Using Random Forest, a machine learning approach to predict nitrogen, phosphorus, and sediment event mean concentrations in urban runoff.

Autor:	Behrouz MS; Department of Biological System Engineering, Virginia Polytechnic Institute and State University, Seitz Hall, 155 Ag-Quad Ln, Blacksburg, VA, 24060, United States; Hampton Roads Agricultural Research and Extension Center, Virginia Polytechnic and State University, 1444 Diamond Springs Rd, Virginia Beach, VA, 23455, United States. Electronic address: minash@vt.edu., Yazdi MN; Department of Biological System Engineering, Virginia Polytechnic Institute and State University, Seitz Hall, 155 Ag-Quad Ln, Blacksburg, VA, 24060, United States; Hampton Roads Agricultural Research and Extension Center, Virginia Polytechnic and State University, 1444 Diamond Springs Rd, Virginia Beach, VA, 23455, United States.

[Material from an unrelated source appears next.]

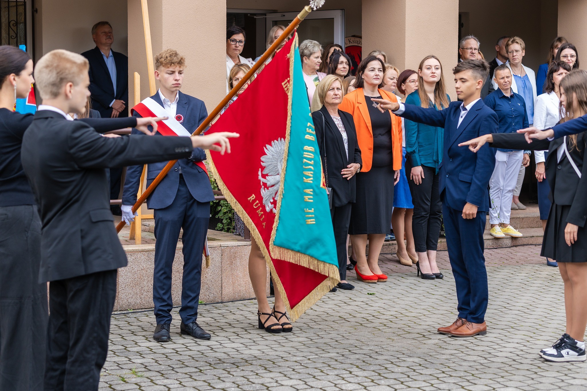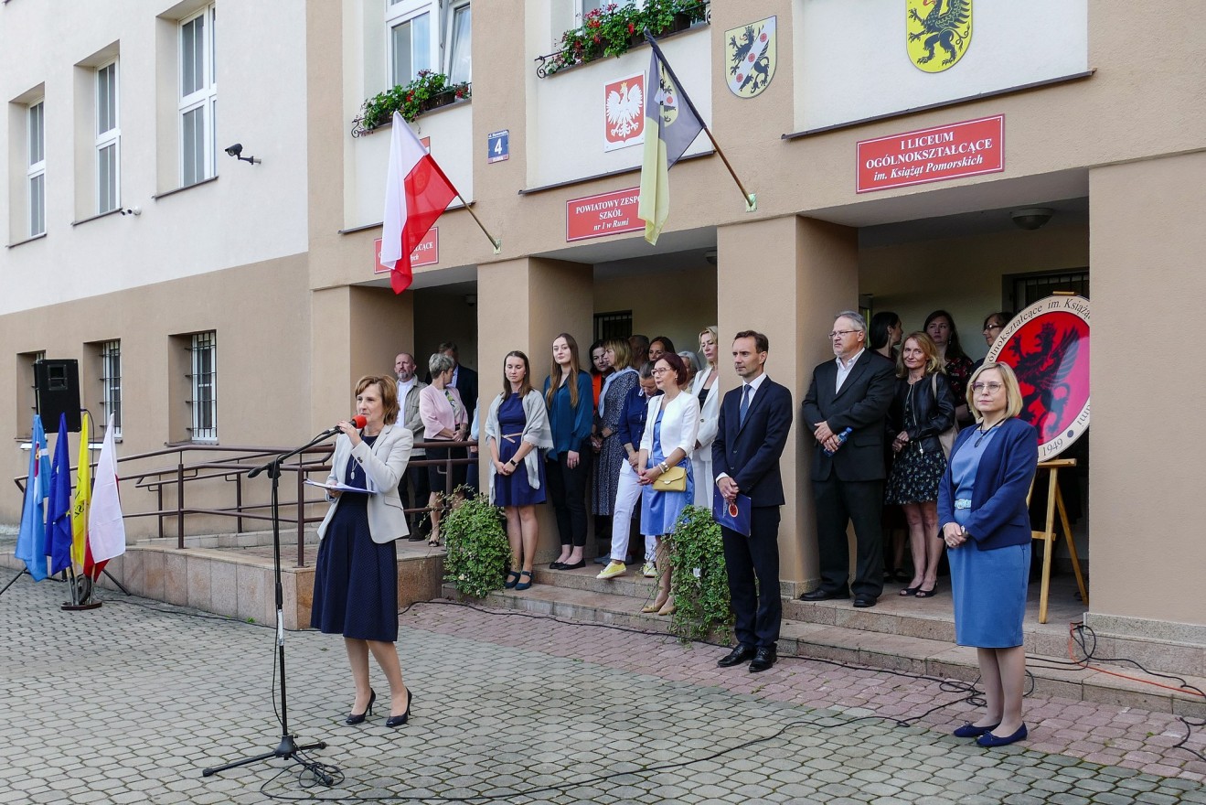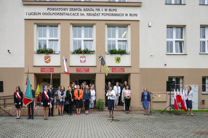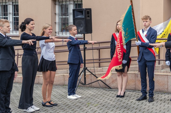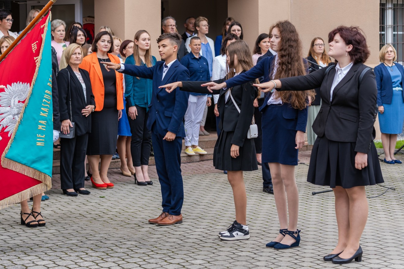 W poniedziałek 4 września zadzwonił dzwonek otwierający nowy rok szkolny 2023/2024, dla pierwszoklasistów o 08.30, a dla uczniów klas II, III i IV o 10.30. Pierwszoklasiści reprezentowali naszą szkołę bardzo licznie, bo w tym roku powstało aż osiem klas pierwszych. Przywitała ich Pani dyrektor, Lucyna Penkowska, przedstawiając PZS nr 1 w Rumi jako nowoczesną szkołę z tradycjami i wyrażając nadzieję, że nowi uczniowie nie tylko odnajdą się w szkole o takim profilu, ale będą też odnosić w niej sukcesy. Następnie przedstawieni zostali wychowawcy klas pierwszych oraz wszyscy nauczyciele. Kolejnym punktem tej części uroczystości było złożenie przez uczniów klas pierwszych przyrzeczenia, w którym zobowiązali się, że będą godnie reprezentować szkołę.
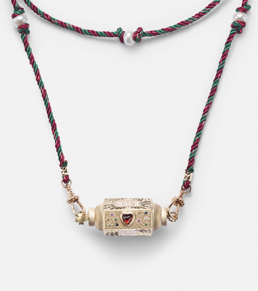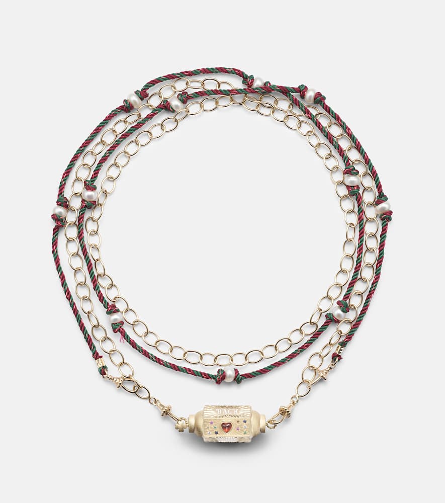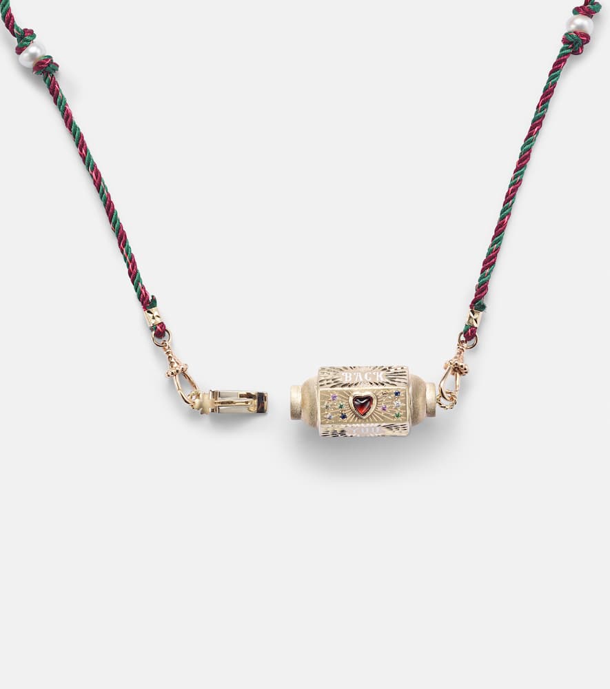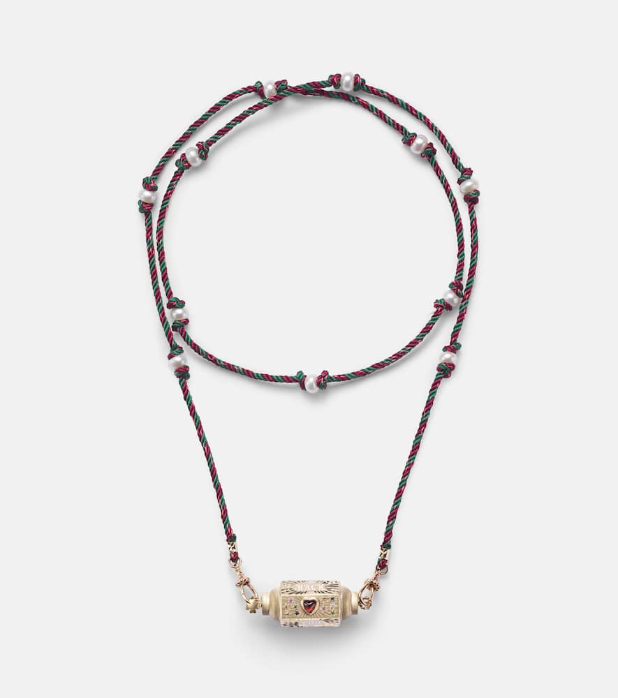 Crafted from 14kt yellow gold and enamel, this handmade necklace features a round-cut, flush-set sapphire. Made in Italy, it has a detachable rope/cable chain and cord. The locket measures 15mm (0.6") in length and 40mm (1.55") in width, and the necklace has an open length of 72cm (28.5") with a max. width of 5mm (0.2").

Electronic address: mnyazdi@vt.edu., Sample DJ; Department of Biological System Engineering, Virginia Polytechnic Institute and State University, Seitz Hall, 155 Ag-Quad Ln, Blacksburg, VA, 24060, United States. Electronic address: dsample@vt.edu.
Jazyk:	angličtina
Zdroj:	Journal of environmental management [J Environ Manage] 2022 Sep 01; Vol. 317, pp. 115412. Date of Electronic Publication: 2022 May 29.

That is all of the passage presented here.